Like many folks, driving in traffic tries my patience. One strategy often bandied about in Buddhist circles for dealing with one’s impatience in traffic is to consider that the person who just pulled out in front of you, for example, might have done that because they have some medical emergency and are in a rush to get to the hospital. This thought elicits compassion.
A problem with that perspective is that it’s usually factually incorrect. 9,999 times out of 10,000 the person pulled out in front of you, not because they had some emergency, but because they just didn’t care how their behavior affected you.
A better strategy, I think, is to work toward cultivating metta for even those who cause problems for us.

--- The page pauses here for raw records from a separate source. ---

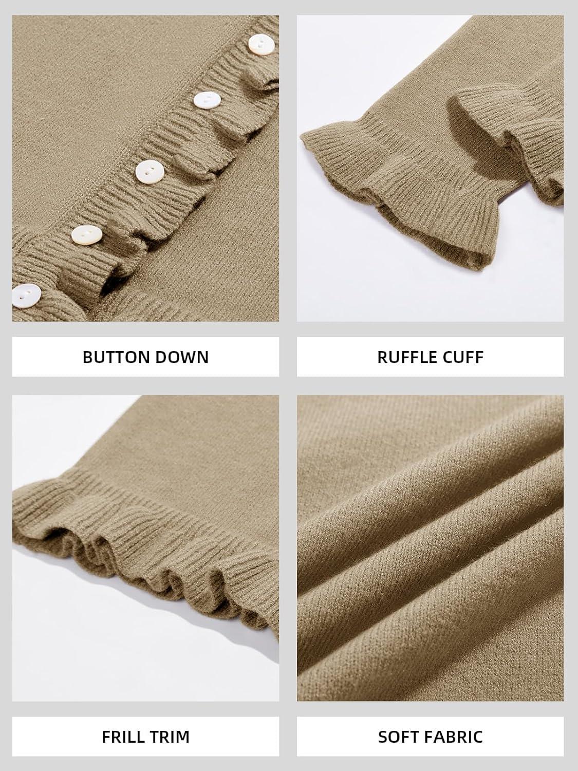 Saodimallsu Womens Ruffle Cardigan Sweaters Button Up Crew Neck Long Sleeve Cropped Sweater Cute Soft Knit Tops(Khaki)
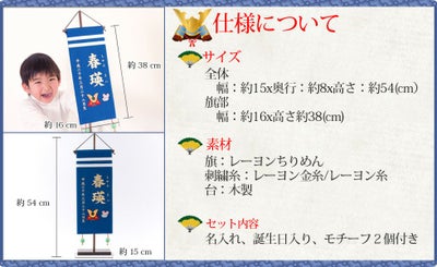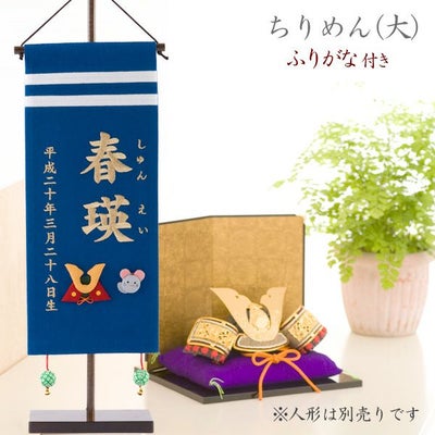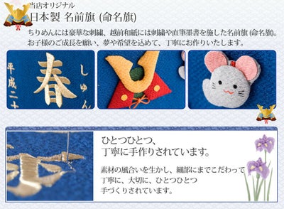 お子様のお名前を刺繍でお入れする名前旗 節句人形(ひな人形・五月人形・こいのぼり・兜)などと一緒にお飾り頂いたり お食い初めやお宮参り、七五三のお祝いの席にも最適です●生年月日とふりがなも入るタイプです●▼ふりがなが不要な方はこちら▼お名前のみの小さいサイズもあります
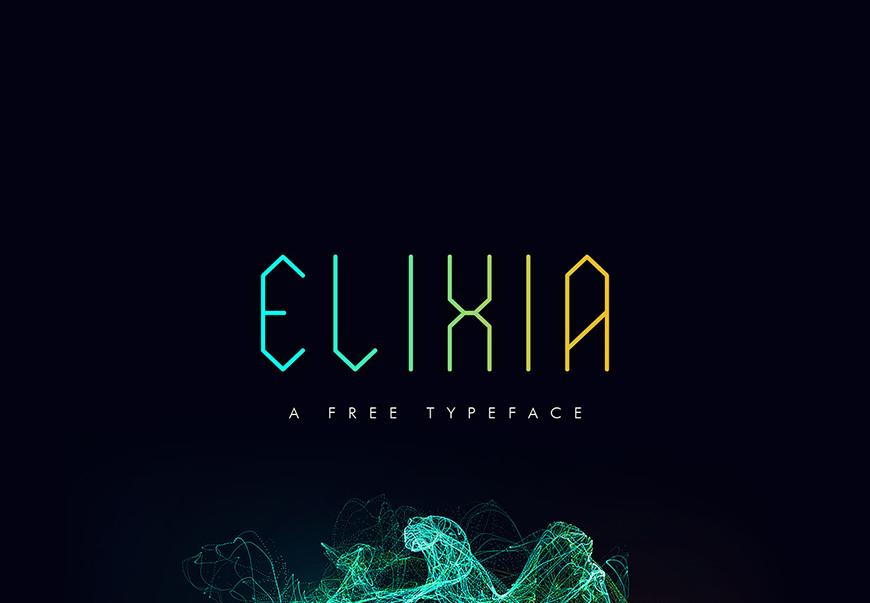 Elixia 是由马尼拉艺术家和设计师 Kimmy Lee 设计的,这是一款受到六边形网格系统启发的略微浓缩的字体。该字体具有强烈的垂直强调、坚实的几何感。Elixia 是一种单字重字体,由200个字符和字形组成,包括大写、小写、数字、扩展字符、重音和风格替代。你可以免费下载它并在你的个人项目当中使用,如果要在商业项目当中使用,则需要购买相应的授权。
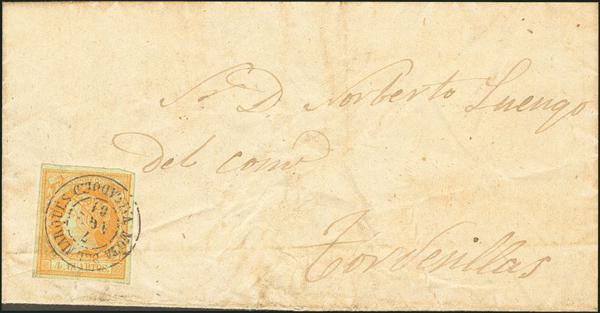 52. 1862. 4 orange cuartos . ALAEJOS to TORDESILLAS. Postmark ALAEJOS / VALLADOLID. MAGNIFICENT AND VERY RARE.
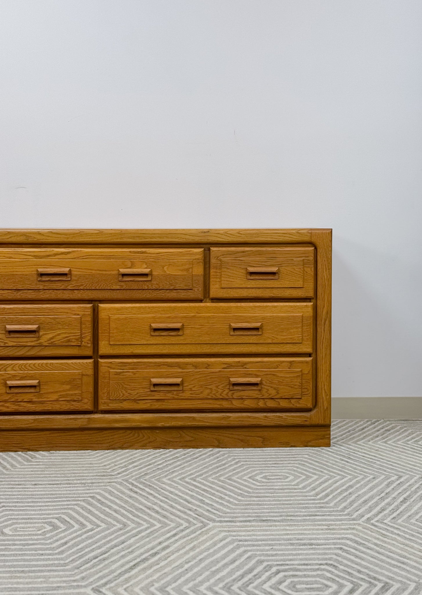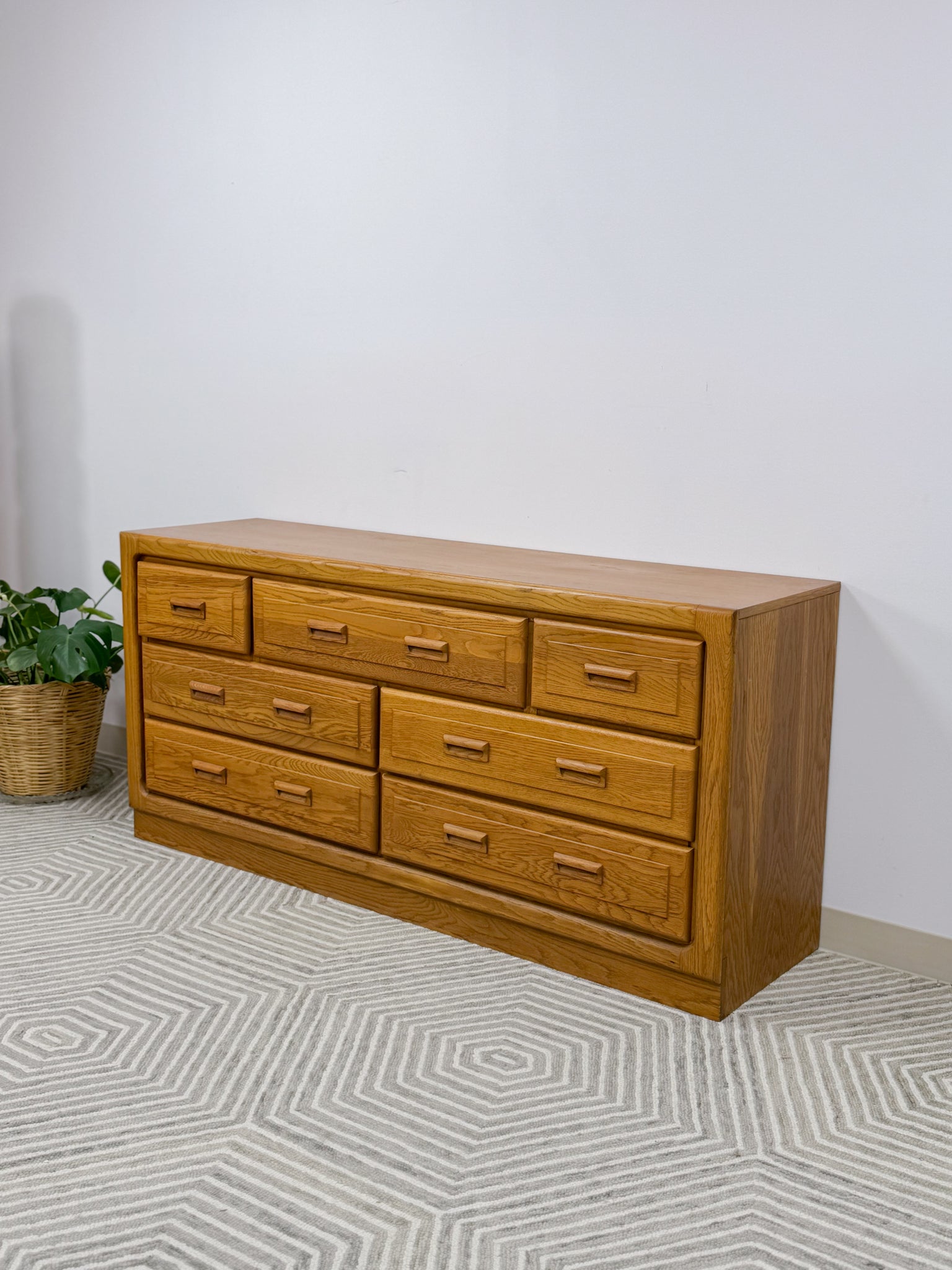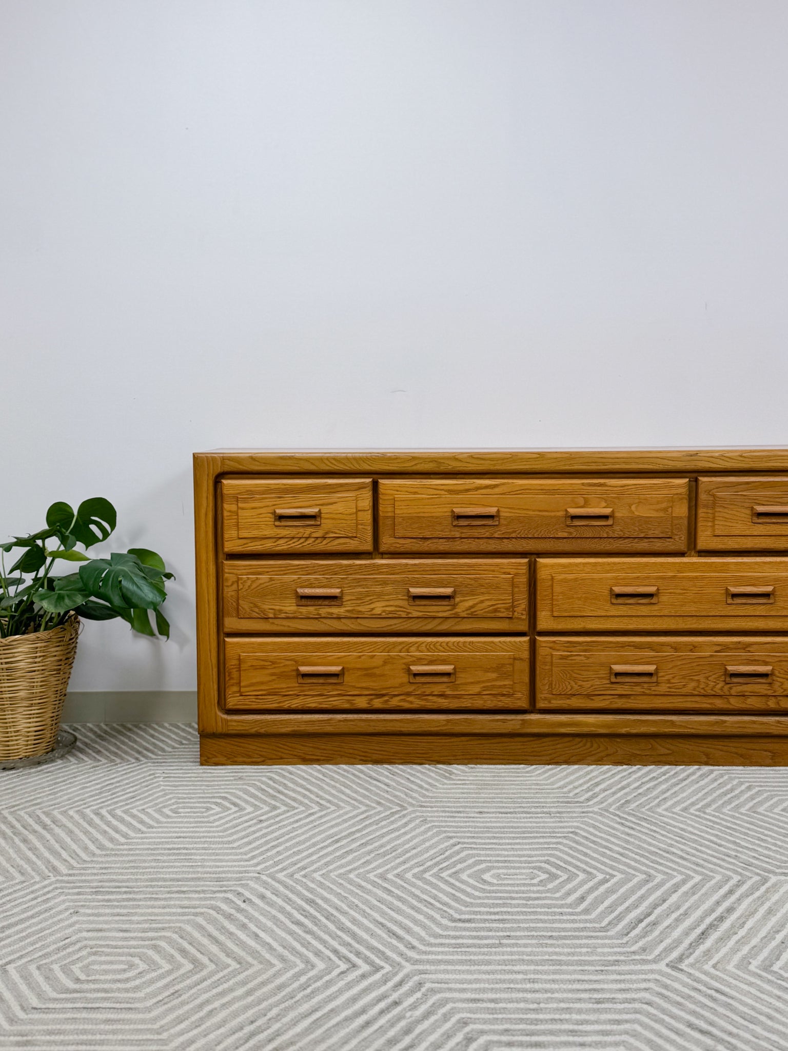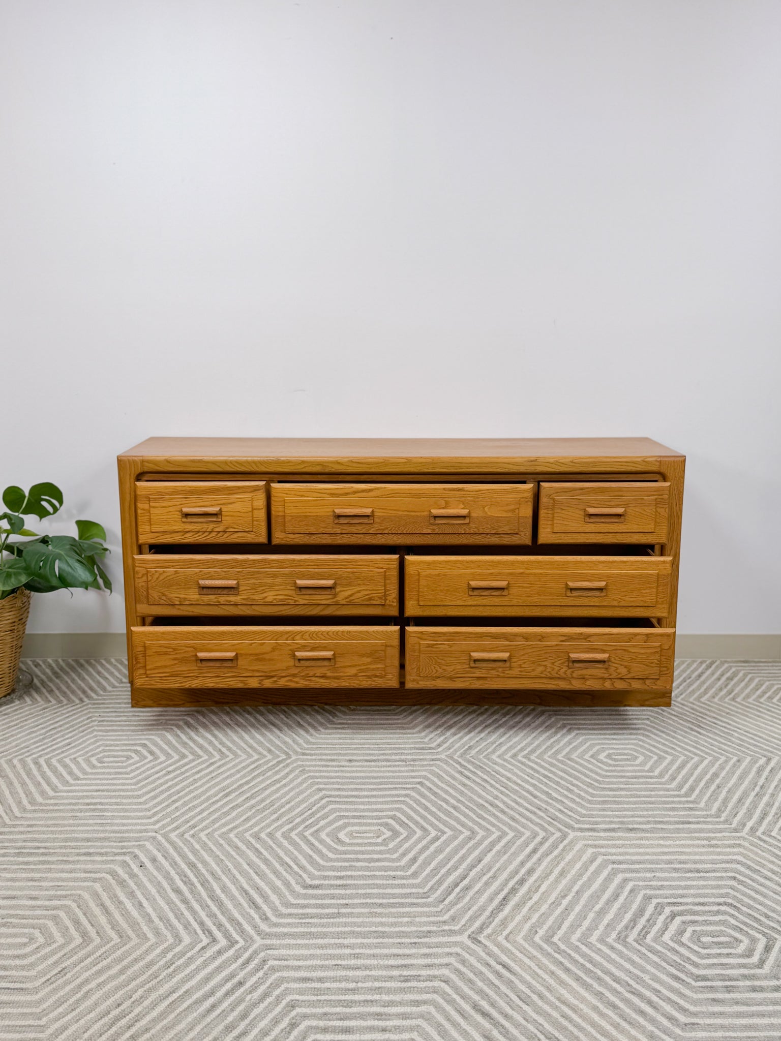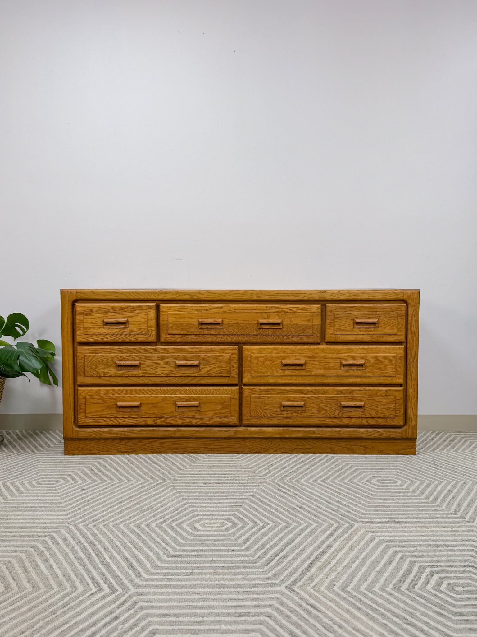 This is a beautiful oak colored mid century modern dresser. It is a vintage style and has 7 drawers that all glide with ease. The hardware is wooden and original and the dresser has simple sleek lines.

From Majjhima Nikaya 21 – Parable of the Saw
“Monks, even if bandits were to savagely sever you, limb by limb, with a double-handled saw, even then, whoever of you harbors ill will at heart would not be upholding my Teaching. Monks, even in such a situation you should train yourselves thus: ‘Neither shall our minds be affected by this, nor for this matter shall we give vent to evil words, but we shall remain full of concern and pity, with a mind of love, and we shall not give in to hatred. On the contrary, we shall live projecting thoughts of universal love to those very persons, making them as well as the whole world the object of our thoughts of universal love — thoughts that have grown great, exalted and measureless. We shall dwell radiating these thoughts which are void of hostility and ill will.’ It is in this way, monks, that you should train yourselves.
“Monks, if you should keep this instruction on the Parable of the Saw constantly in mind, do you see any mode of speech, subtle or gross, that you could not endure?”
“No, venerable sir.”
“Therefore, monks, you should keep this instruction on the Parable of the Saw constantly in mind. That will conduce to your well-being and happiness for long indeed.”
The point here, I think, is not that we should allow others to do us harm, but rather, cultivation of metta/lovingfriendliness accrues to our own benefit, even in (especially in) trying circumstances.